41I suoi genitori si recavano ogni anno a Gerusalemme per la festa di Pasqua. 42Quando egli ebbe dodici anni, vi salirono secondo la consuetudine della festa. 43Ma, trascorsi i giorni, mentre riprendevano la via del ritorno, il fanciullo Gesù rimase a Gerusalemme, senza che i genitori se ne accorgessero. 44Credendo che egli fosse nella comitiva, fecero una giornata di viaggio e poi si misero a cercarlo tra i parenti e i conoscenti; 45non avendolo trovato, tornarono in cerca di lui a Gerusalemme. 46Dopo tre giorni lo trovarono nel tempio, seduto in mezzo ai maestri, mentre li ascoltava e li interrogava. 47E tutti quelli che l'udivano erano pieni di stupore per la sua intelligenza e le sue risposte. 48Al vederlo restarono stupiti, e sua madre gli disse: "Figlio, perché ci hai fatto questo? Ecco, tuo padre e io, angosciati, ti cercavamo". 49Ed egli rispose loro: "Perché mi cercavate? Non sapevate che io devo occuparmi delle cose del Padre mio?". 50Ma essi non compresero ciò che aveva detto loro. 51Scese dunque con loro e venne a Nazareth e stava loro sottomesso. Sua madre custodiva tutte queste cose nel suo cuore. 52E Gesù cresceva in sapienza, età e grazia davanti a Dio e agli uomini.

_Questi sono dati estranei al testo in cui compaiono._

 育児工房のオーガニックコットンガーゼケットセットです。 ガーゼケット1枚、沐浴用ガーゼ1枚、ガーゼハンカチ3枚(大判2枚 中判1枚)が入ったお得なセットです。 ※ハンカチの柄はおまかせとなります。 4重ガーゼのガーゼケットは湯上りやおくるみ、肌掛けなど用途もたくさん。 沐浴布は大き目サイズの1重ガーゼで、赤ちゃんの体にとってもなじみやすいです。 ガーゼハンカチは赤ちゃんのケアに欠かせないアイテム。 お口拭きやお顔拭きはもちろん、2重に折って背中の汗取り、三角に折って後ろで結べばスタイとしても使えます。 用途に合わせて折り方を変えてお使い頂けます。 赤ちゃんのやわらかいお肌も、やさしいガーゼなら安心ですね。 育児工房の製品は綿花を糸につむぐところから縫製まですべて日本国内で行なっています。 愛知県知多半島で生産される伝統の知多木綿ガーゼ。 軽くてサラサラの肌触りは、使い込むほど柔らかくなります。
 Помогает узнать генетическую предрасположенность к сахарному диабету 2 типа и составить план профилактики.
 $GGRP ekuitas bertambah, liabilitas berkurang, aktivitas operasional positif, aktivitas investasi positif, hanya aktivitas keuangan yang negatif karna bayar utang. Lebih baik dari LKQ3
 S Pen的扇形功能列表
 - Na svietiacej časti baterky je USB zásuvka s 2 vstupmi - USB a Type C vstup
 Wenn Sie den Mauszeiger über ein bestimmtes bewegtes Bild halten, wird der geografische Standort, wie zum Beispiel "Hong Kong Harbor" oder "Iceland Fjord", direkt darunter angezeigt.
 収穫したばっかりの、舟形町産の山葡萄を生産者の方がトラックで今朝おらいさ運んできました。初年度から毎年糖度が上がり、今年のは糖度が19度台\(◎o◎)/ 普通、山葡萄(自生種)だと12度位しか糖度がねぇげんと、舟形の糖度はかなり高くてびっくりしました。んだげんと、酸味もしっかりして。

Il vangelo che ci viene presentato per la festa della Sacra Famiglia, colto nella sua

descrizione letteraria, si presenta un po' caotico. Ma che razza di famiglia è una che perde

un ragazzino di dodici anni ed un figlio che non avvisa i genitori se vuole restare a

Gerusalemme? Quando regnava la banalità o stupidità biblica, per giustificare questo

episodio si ricorreva ad una spiegazione pietosa: le carovane erano due, una di donne e

una di uomini. Gesù, che non aveva ancora fatto il rito del bar mitzvàh, perché non aveva

compiuto i tredici anni; poteva quindi essere in una o nell'altra carovana ed è per questo

che la madre lo pensava dal padre e viceversa. La tensione che si crea è grande.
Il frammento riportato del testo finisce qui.